## The task
Every line from the one containing "Etter flere kvelder" to the end of the records below should be returned exactly; pictures are to be dropped.
*** Listed records ***
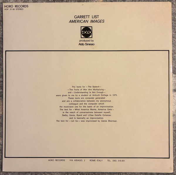 フリーな土壌から前衛、レフトフィールドそして教育者として濃密なキャリアを築いた米人トロンボーン奏者Garrett Listが79年にイタリアからリリースしていた二枚組アルバム。片方はソロによる奇妙で実験的な演奏を収録していますが、アンサンブルで演奏されたミニマリズム、ソウル、ジャズ、エクスペリメンタルなどを集約させたようなA/B面の内容が素晴らしい。女性ヴォーカルをフィーチャーしゆらゆらと絶妙な塩梅でブレンドされた”Slow Dance”、前衛と即興が交差する”The Tools Of War Are Multiplying”、ピアノと共にソウルフルなヴォ―カルで歌われる”Nothing At All”、声とアブストラクトな応酬”What America Wants, America Gets”を収録。Arthur Russellが好きな方にも推薦(共演もしてます)。
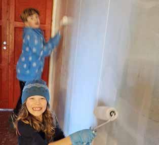 Etter flere kvelder med rydding og riving kunne vi begynne å male. Vi ungene var med på hele jobben, og læringskurven var bratt.
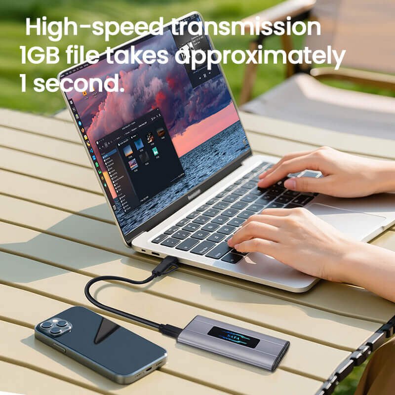 Doté d'une interface USB 3.2 Gen 2 à haute vitesse avec des taux de transfert allant jusqu'à 10 Gbps et l'accélération UASP, il transfère un fichier de 1 Go en environ 1 seconde.
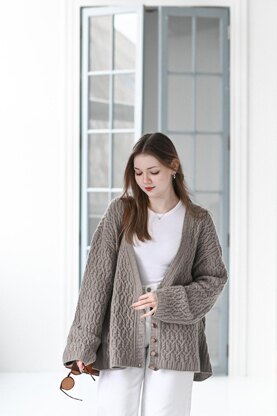 “Vinca” cardigan is worked seamlessly from the neck down. First, the Back Yoke is worked, the stitches for the Fronts are picked up along the shoulder line and the two halves of the Front worked, then the V-neckline is shaped. The sleeves are worked from the armhole down, a subtle sleeve cap is added through short row shaping. The garment is finished by working the neckline edging and button and buttonhole bands in a ribbing pattern.
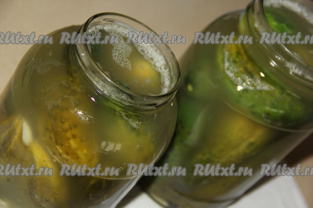 Залить банки с огурцами до самого верха горячим соляным раствором.
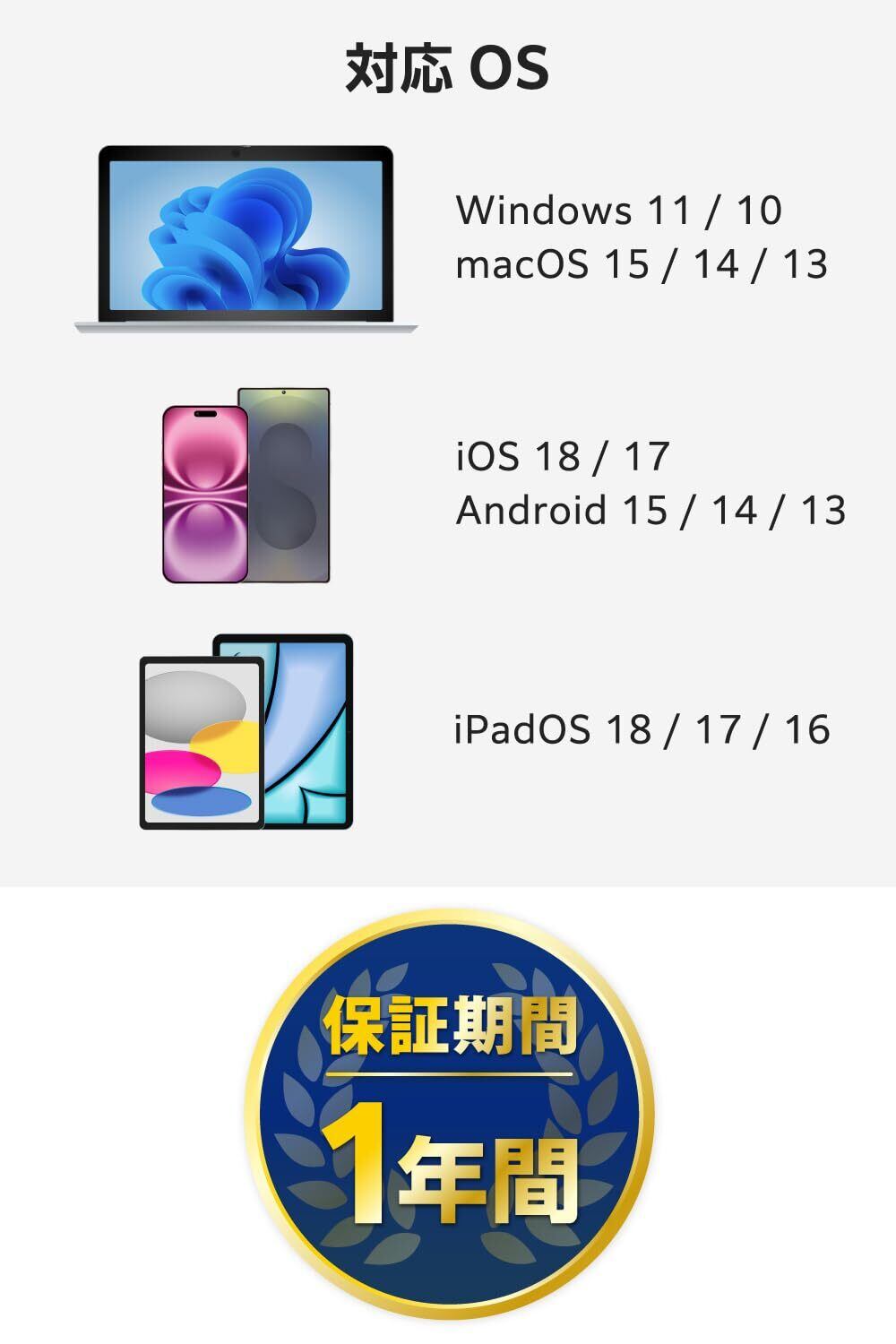 ■Windowsパソコン、Mac、スマートフォン、タブレットなど異なるデバイス間のデータ移動も本製品1個でできます。
***
## Answer section
 Etter flere kvelder med rydding og riving kunne vi begynne å male. Vi ungene var med på hele jobben, og læringskurven var bratt.
 Doté d'une interface USB 3.2 Gen 2 à haute vitesse avec des taux de transfert allant jusqu'à 10 Gbps et l'accélération UASP, il transfère un fichier de 1 Go en environ 1 seconde.
 “Vinca” cardigan is worked seamlessly from the neck down. First, the Back Yoke is worked, the stitches for the Fronts are picked up along the shoulder line and the two halves of the Front worked, then the V-neckline is shaped. The sleeves are worked from the armhole down, a subtle sleeve cap is added through short row shaping. The garment is finished by working the neckline edging and button and buttonhole bands in a ribbing pattern.
 Залить банки с огурцами до самого верха горячим соляным раствором.
 ■Windowsパソコン、Mac、スマートフォン、タブレットなど異なるデバイス間のデータ移動も本製品1個でできます。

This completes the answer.